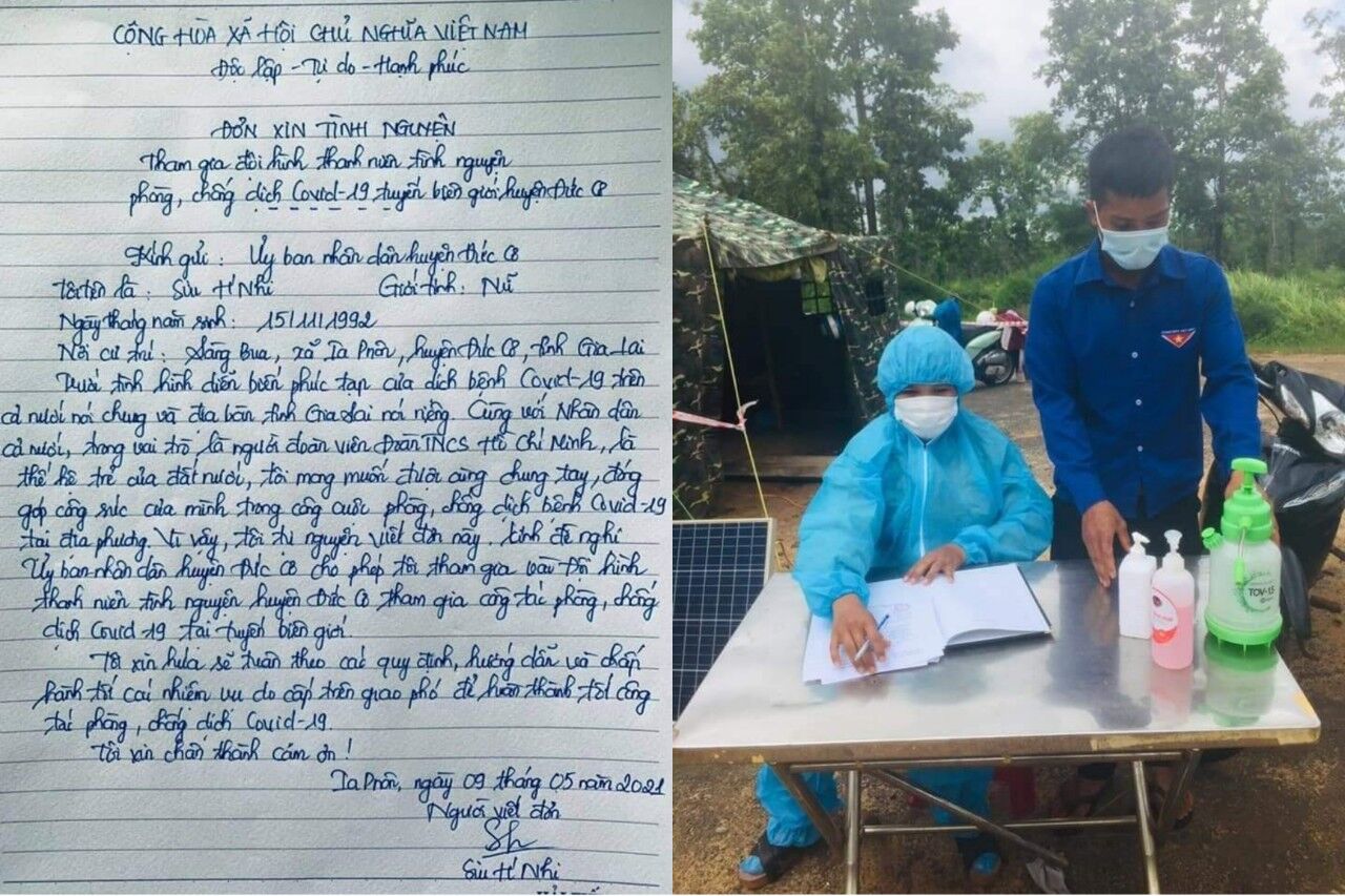 Chị Siu H’Nhi (xã Ia Pnôn, huyện Đức Cơ, tỉnh Gia Lai) ghi rõ trong đơn đăng ký tham gia tình nguyện: Trước tình hình diễn biến phức tạp của dịch bệnh Covid- 19 trên cả nước nói chung và địa bàn Gia đại nói riêng. Cùng với Nhân dân cả nước, trong vai trò là người đoàn viên Đoàn TNCS Hồ Chí Minh, là thế hệ trẻ của đất nước, tôi mong muốn được cùng chung tay, đóng góp công sức của mình trong công cuộc phòng, chống dịch Covid- 19 tại địa phương.
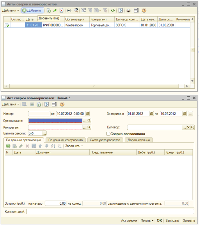 Если сверка производится в рублях, при автоматическом заполнении в табличную часть попадут данные обо всех расчетах с контрагентом, вне зависимости от валюты расчетов, указанной в договоре. В том случае, если сверка производится в валюте, в табличную часть попадают только операции в указанной валюте (при условии, что эта валюта указана в договоре с контрагентом в качестве валюты расчетов).
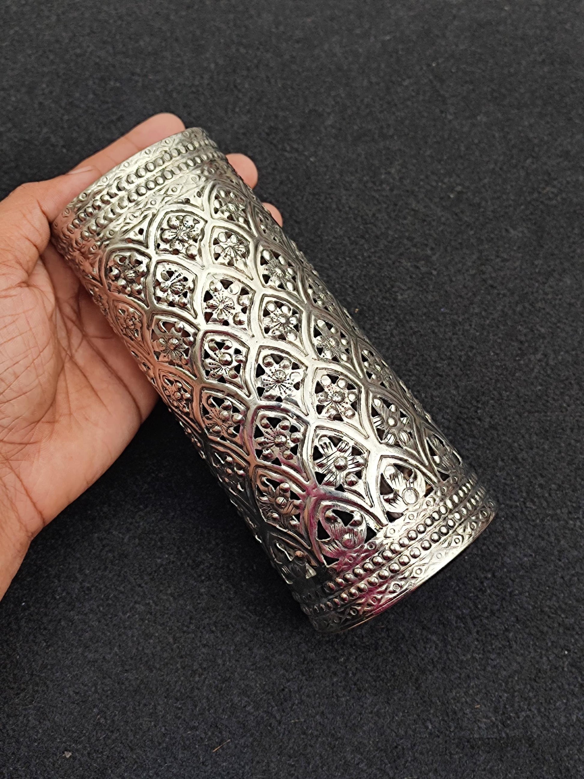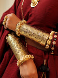 Delicate and trendy is how we would describe this bracelet cuff. It is crafted in oxidised featuring filigree flower & leaf motifs that add its delicate touch to the look and is truly a jewelry delight. This bracelet cuff is stylish and impressive and will justify your desi look as well as your Kurta and denim casual look.
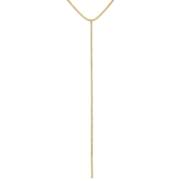 Rock a dazzling take on a true classic in Adina Eden's Tennis Lariat Necklace, expertly crafted in sterling silver or gold-plating and sparkly CZs. Wear this gem to take your tennis and chain layered look to the next level of style.
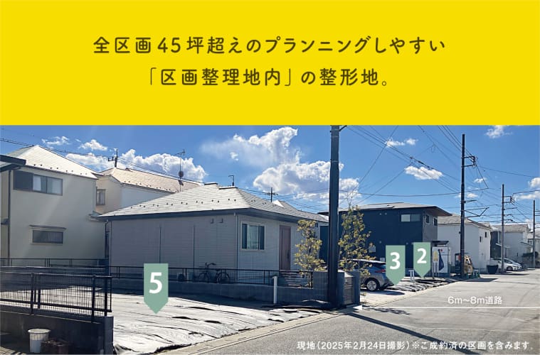 区画整理地内。45坪超えのプランニングしやすい整形地。
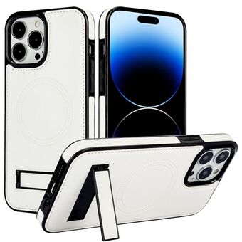 Θήκη τηλεφώνου για iPhone 14 Pro από δέρμα σε ρετρό στυλ με αόρατο στήριγμα και MagSafe (Λευκό)
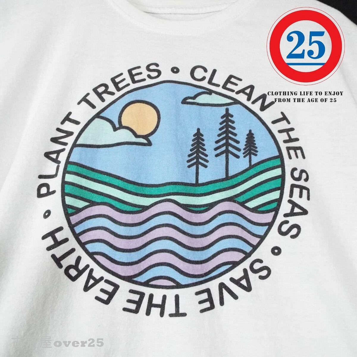 ・ラウンドロゴに綺麗な風景をモチーフにした白Tです。

### Exercise
Drop the images and return the data verbatim.

### Response for this exercise
 Chị Siu H’Nhi (xã Ia Pnôn, huyện Đức Cơ, tỉnh Gia Lai) ghi rõ trong đơn đăng ký tham gia tình nguyện: Trước tình hình diễn biến phức tạp của dịch bệnh Covid- 19 trên cả nước nói chung và địa bàn Gia đại nói riêng. Cùng với Nhân dân cả nước, trong vai trò là người đoàn viên Đoàn TNCS Hồ Chí Minh, là thế hệ trẻ của đất nước, tôi mong muốn được cùng chung tay, đóng góp công sức của mình trong công cuộc phòng, chống dịch Covid- 19 tại địa phương.
 Если сверка производится в рублях, при автоматическом заполнении в табличную часть попадут данные обо всех расчетах с контрагентом, вне зависимости от валюты расчетов, указанной в договоре. В том случае, если сверка производится в валюте, в табличную часть попадают только операции в указанной валюте (при условии, что эта валюта указана в договоре с контрагентом в качестве валюты расчетов).
 Delicate and trendy is how we would describe this bracelet cuff. It is crafted in oxidised featuring filigree flower & leaf motifs that add its delicate touch to the look and is truly a jewelry delight. This bracelet cuff is stylish and impressive and will justify your desi look as well as your Kurta and denim casual look.
 Rock a dazzling take on a true classic in Adina Eden's Tennis Lariat Necklace, expertly crafted in sterling silver or gold-plating and sparkly CZs. Wear this gem to take your tennis and chain layered look to the next level of style.
 区画整理地内。45坪超えのプランニングしやすい整形地。
 Θήκη τηλεφώνου για iPhone 14 Pro από δέρμα σε ρετρό στυλ με αόρατο στήριγμα και MagSafe (Λευκό)
 ・ラウンドロゴに綺麗な風景をモチーフにした白Tです。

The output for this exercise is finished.